How the development, validation, and large-scale deployment of online solids management systems is saving operators money by releasing flowback equipment sooner, minimizing equipment damage due to solids carry-over, and reducing the need for shutdowns and confined space entry cleanout operations.
Pounding Sand
Oil and gas wells seldom produce a nice clean stream of hydrocarbons. A horizontal separator is typically the first piece of equipment downstream of the wellhead choke, dividing the flow into gas, oil, and water streams based on density difference.
Each stream may be further refined to optimize gas and oil quality for export, and to minimize the hydrocarbon content of produced water. Gas compressors and liquid pumps are used to move things around, and storage tanks hold inventory until it is trucked off site.
This proven equipment runs smoothly, requiring predictable maintenance, until a fourth phase comes along: solids.
In conventional reservoirs, produced solids originate from either unconsolidated formations (i.e., sand production) or precipitates coming out of solution as the wellbore pressure drops (e.g., paraffins, waxes, and asphaltenes.) The rate of solids production can be managed using downhole sand control (e.g., sand screens) and by chemical injection.
Across today’s dominant shale plays, however, most solids flowing into surface production equipment are back-produced proppant from hydraulic fracture stimulation. This is an inevitable consequence of the stimulation process, which can only be partially mitigated (e.g., using resin-coated proppants.)
Flowback equipment installed temporarily between the wellhead and the first stage separator intercepts the highest levels of solids production as a new well cleans up.
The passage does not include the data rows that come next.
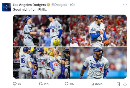 역전 리드를 잡자 다저스는 7회말부터 불펜진을 가동해 필라델피아의 추격을 무실점으로 봉쇄하고 승리를 챙겼다. 9회말 마무리는 사사키 로키가 맡아 1이닝을 1피안타 무실점으로 막고 같은 일본인 투수 오타니의 승리를 지켜줬다.
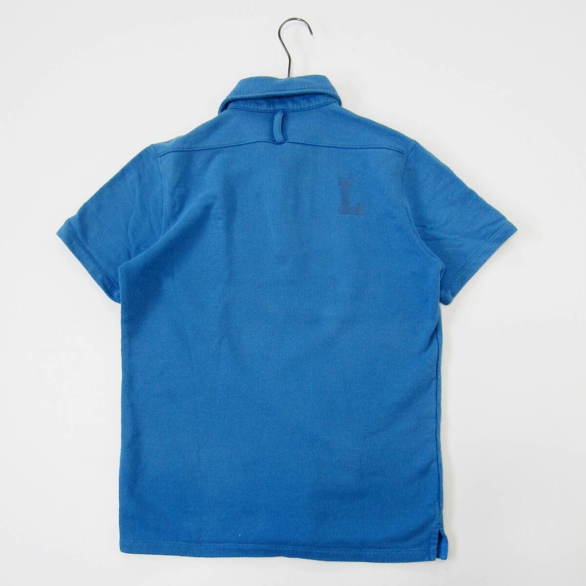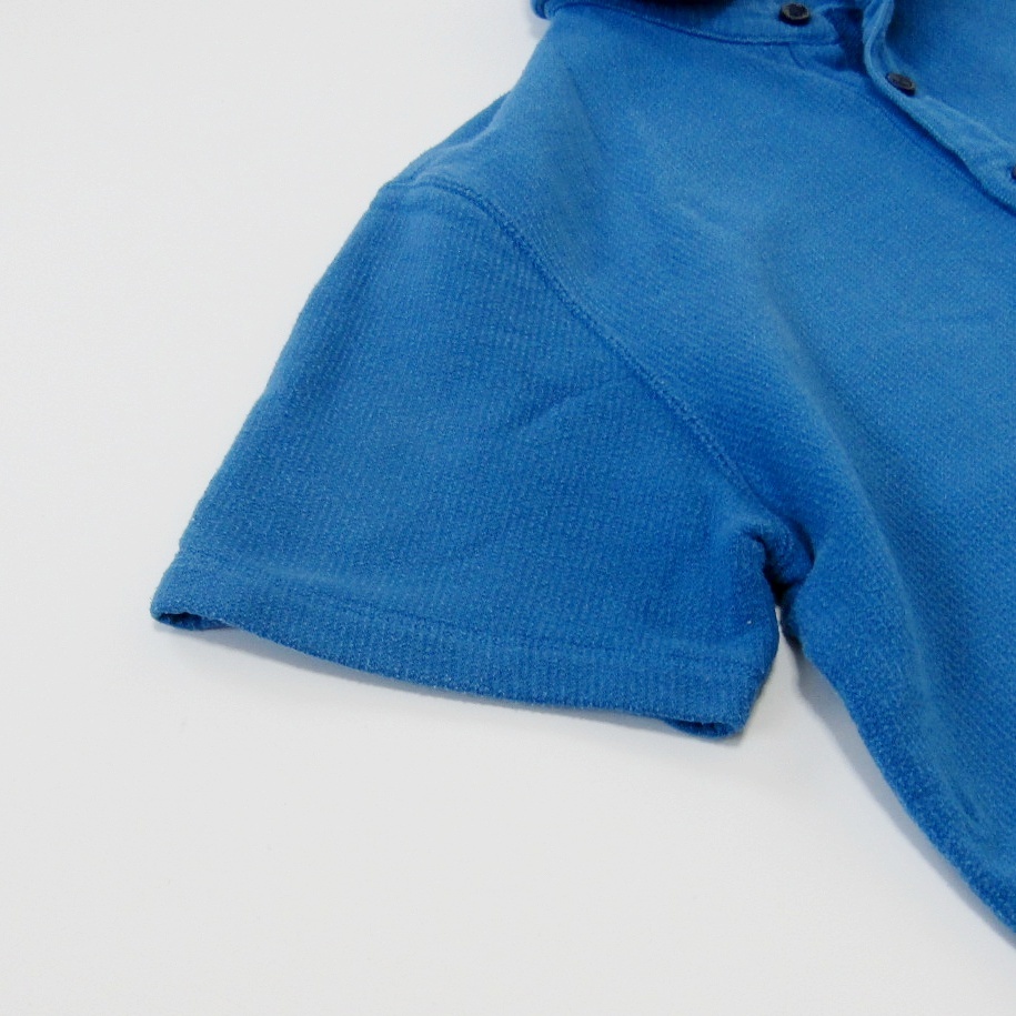 青色のポロシャツ、ロゴ付きでスタイリッシュなデザイン。
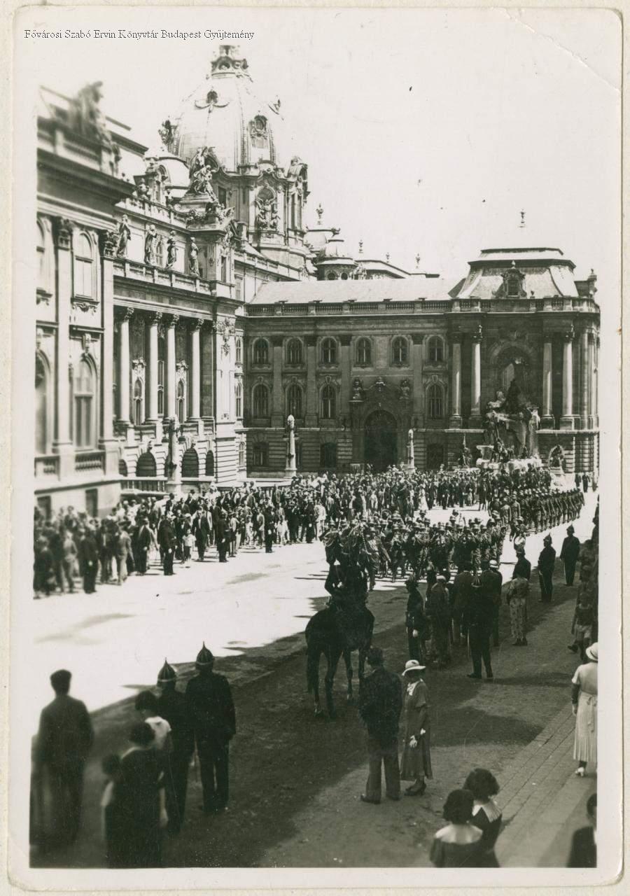 [A Szent Jobb körmenet, díszszázad a Mátyás-kút előtt.]
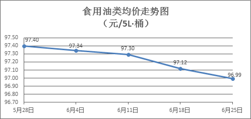 食用油类商品价格总体略降。上周所监测的9种食用油(5L装)商品价格波动情况为2涨6跌1平,综合零售均价为96.99元/桶,环比下降0.12%。其中:鲁花花生油、金龙鱼调和油零售均价分别为每桶157.30元、71.46元,环比分别下降0.03%、下降0.11%。
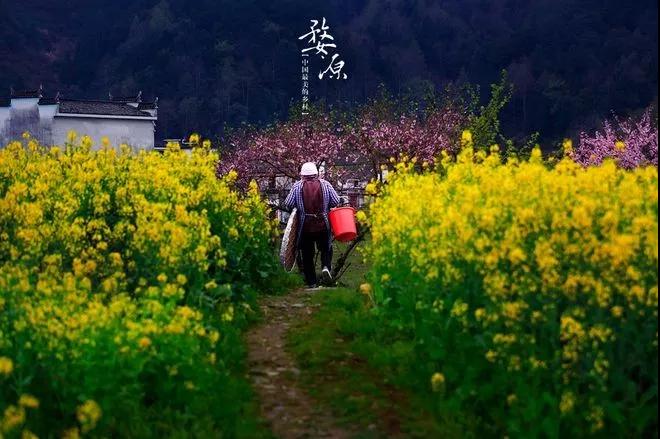 這張照片吸引人的原因就是因為前面這塊油菜花的線條非常有延伸感,而且還有圓形作為一個前景,背景是徽派的古建筑,遠處的山峰,照片的層次非常好,非常有特點,運氣好的時候,遇上云霧會更漂亮。
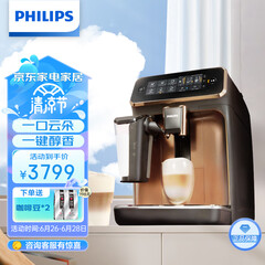 ¥3799.00飞利浦(PHILIPS)云朵咖啡机3系EP3146/72 家用/办公室意式浓缩萃取全自动研磨一体机 奶泡现磨咖啡豆系统
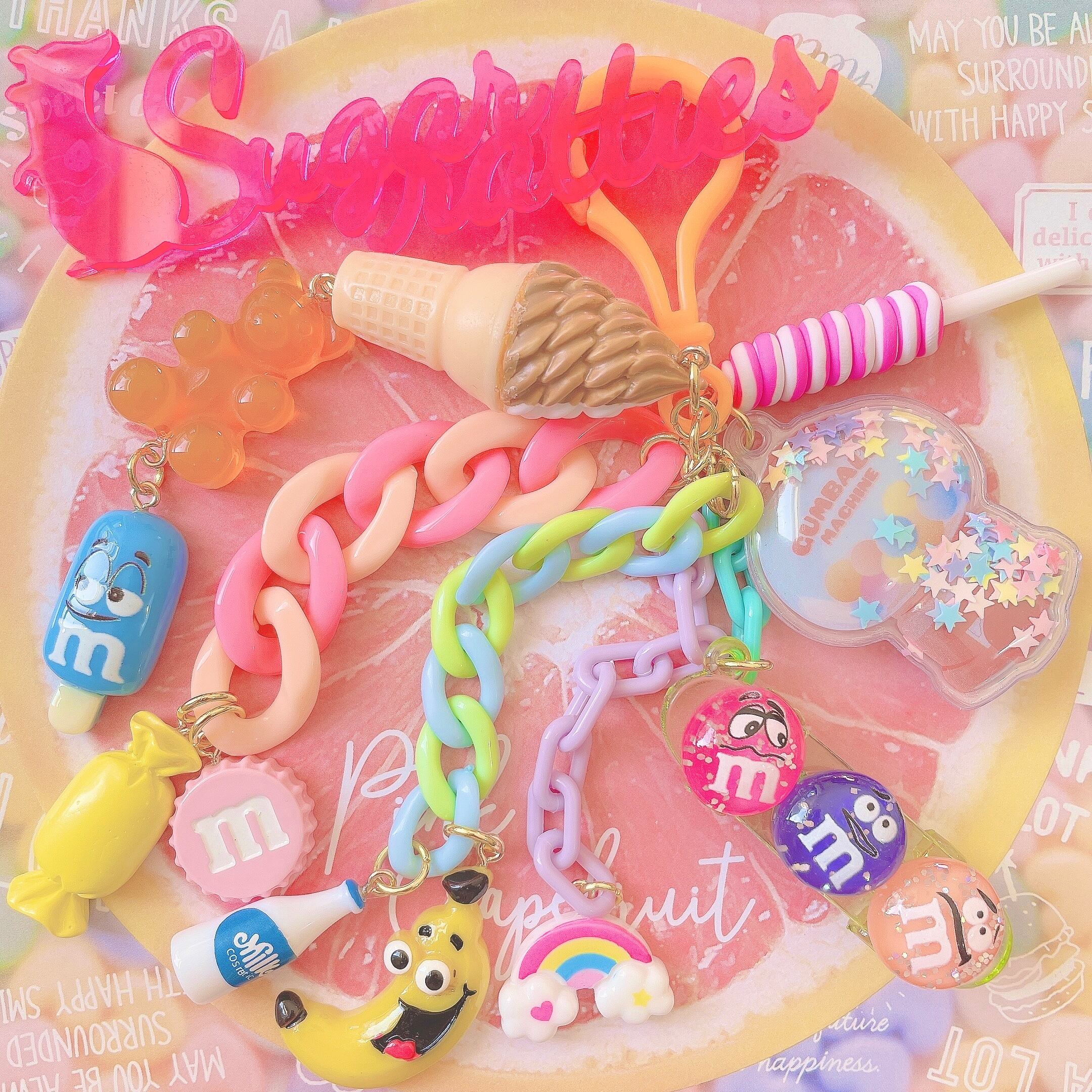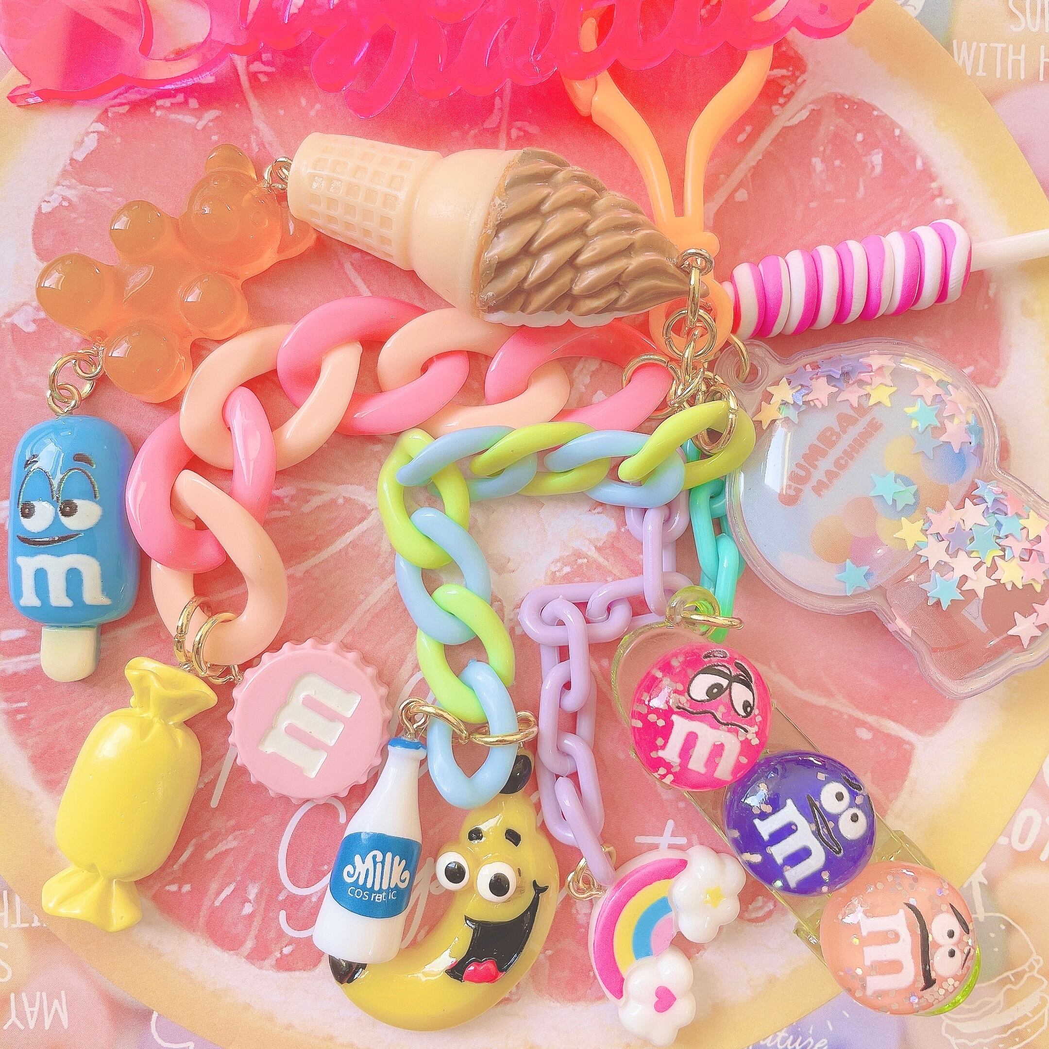 BIGサイズの立体ソフトクリームいろいろなお菓子チャームが揺れるプラチェーンキーホルダー。
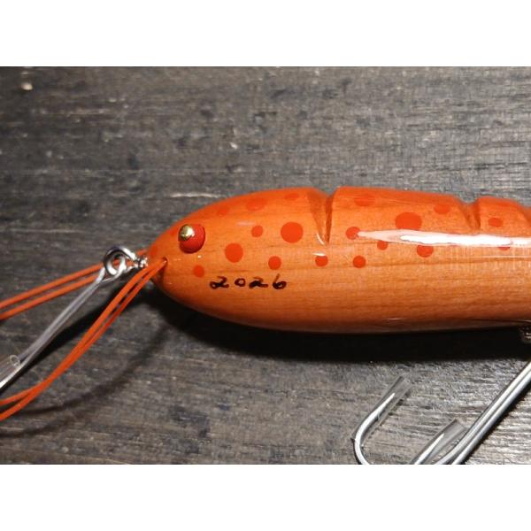 【 メーカーコメント:羽鳥氏の初期作品『クルヴェイト』のオマージュ。30年程前に模倣した習作をもとに独自のアレンジで再構築した作品。エビ(クルヴェイト)よりも大型のザリガニ(エクルヴィス)をイメージしたもの。スローリトリーブで水面直下をウォブリングさせるのが基本的な使い方だが水面でのトリッキーなスライドや、ジャークで控えめなポップ音など、サーフェイスプラグとして、多才な演出が可能である。 hand shape & painted by kenji.k 2026 】
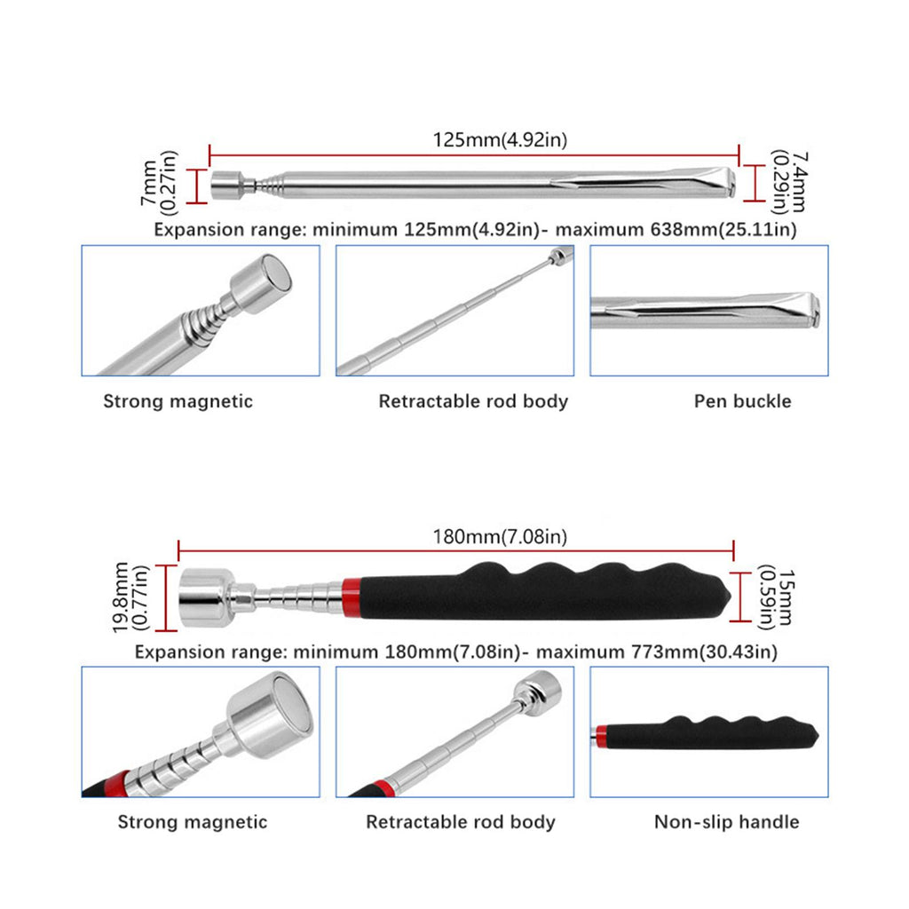 【Material】: These Magnetic Pick up Tools are made from stainless steel and aluminum alloy for durability and longevity. The handles are covered with PVC for comfortable grip.
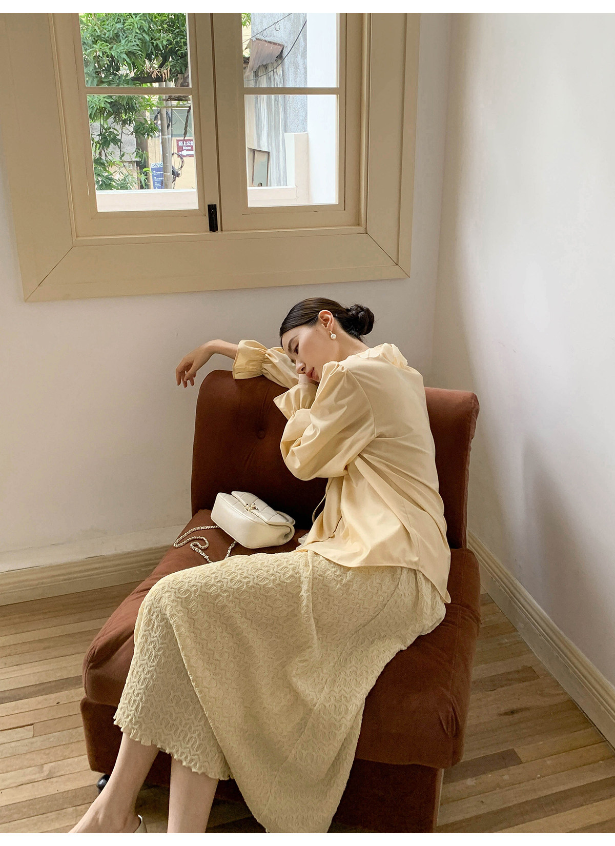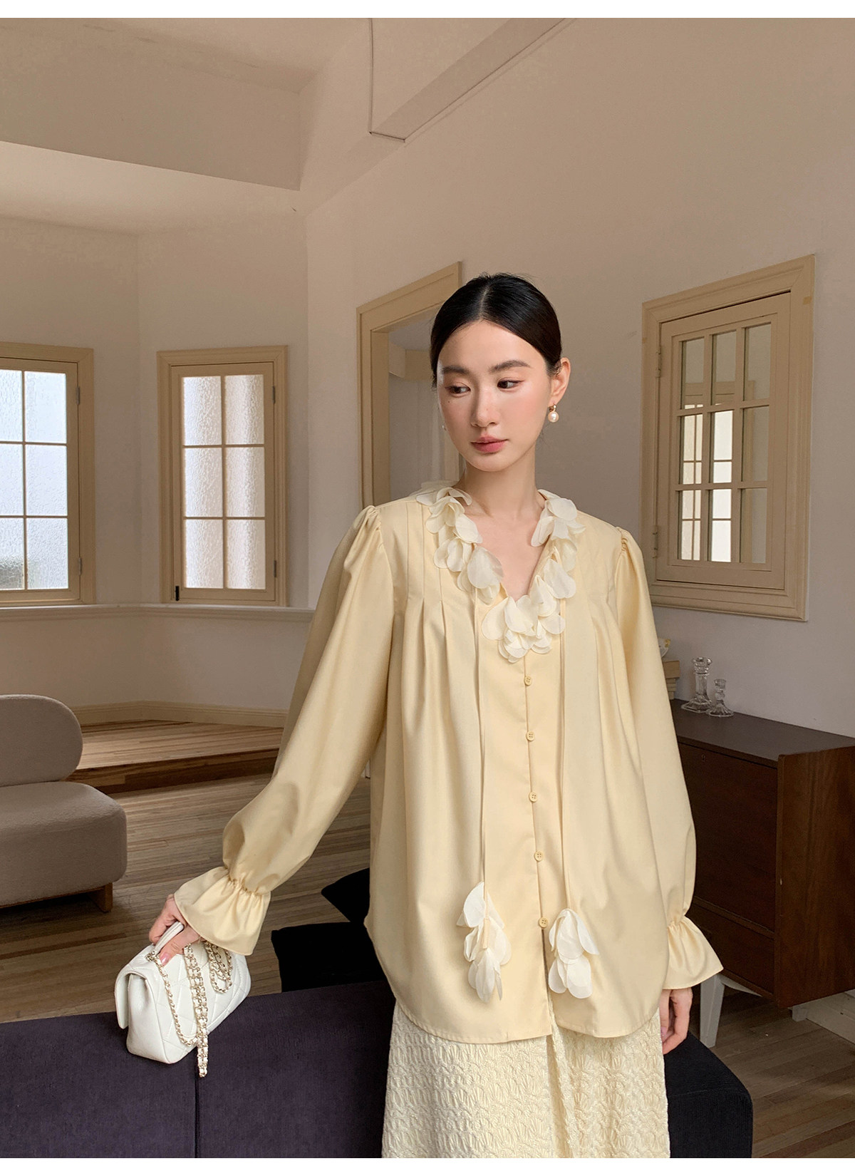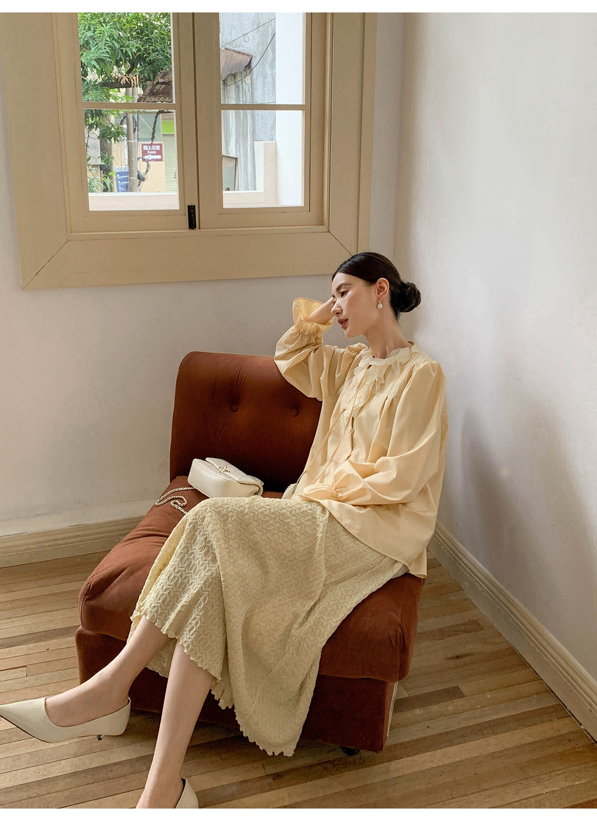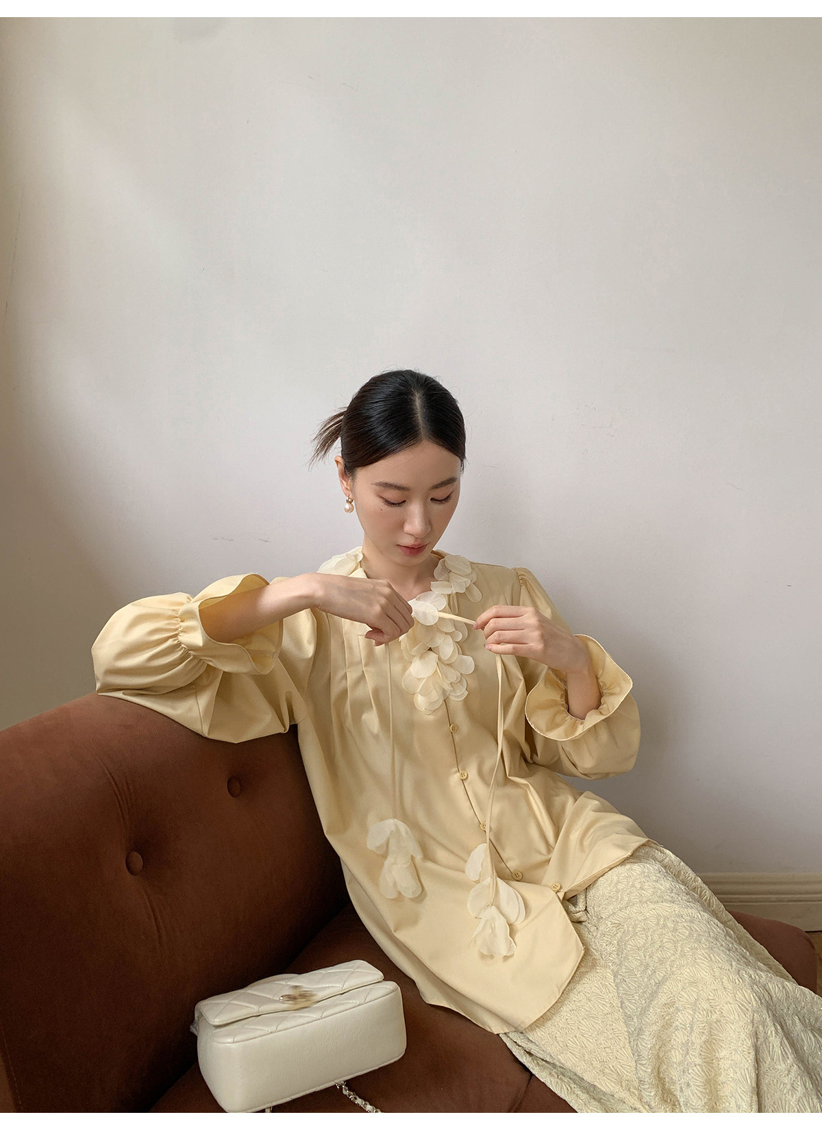 Xxning French Lace Collar Ribbon Pleated Shirt for Women, New Autumn Romantic Design Lantern Sleeve Top

However, this is costly, and operators are keen to release the flowback spread as soon as possible. This can lead to significant solids accumulating in the separator after the flowback spread is released and, if not addressed there, making their way into downstream equipment.
The consequences of unmitigated solids accumulation and carry-over include reduced separation efficiency, suboptimal oil and water quality, damage to valves, pumps, and heater-treaters, and pipe erosion.
It is therefore essential to regularly remove solids from separation and process equipment to optimize performance, minimize maintenance costs, and mitigate the risk of leaks and environmental damage.
Solids Management the Hard Way
Traditional solids removal requires taking separators, vessels, and tanks out of service for depressurization, emptying, and cleaning.
Cleaning larger tanks and vessels requires removing a hatch and performing a confined space entry operation—sending a human inside to shovel, hose, and scrub out the solids. This is dangerous work, often requiring the use of a hazmat suit and breathing apparatus while working in a dark, hot, slippery environment. Sadly, serious accidents are not uncommon.
While smaller separators are often partially cleaned without physical entry, the operation still requires the vessel to be taken out of service and opened, exposing personnel to hazardous vapors that emanate from the open hatch.
Cleanout operations are also costly. In addition to service fees, the operator must account for production deferment during the cleanout and while ramping wells back up to full production.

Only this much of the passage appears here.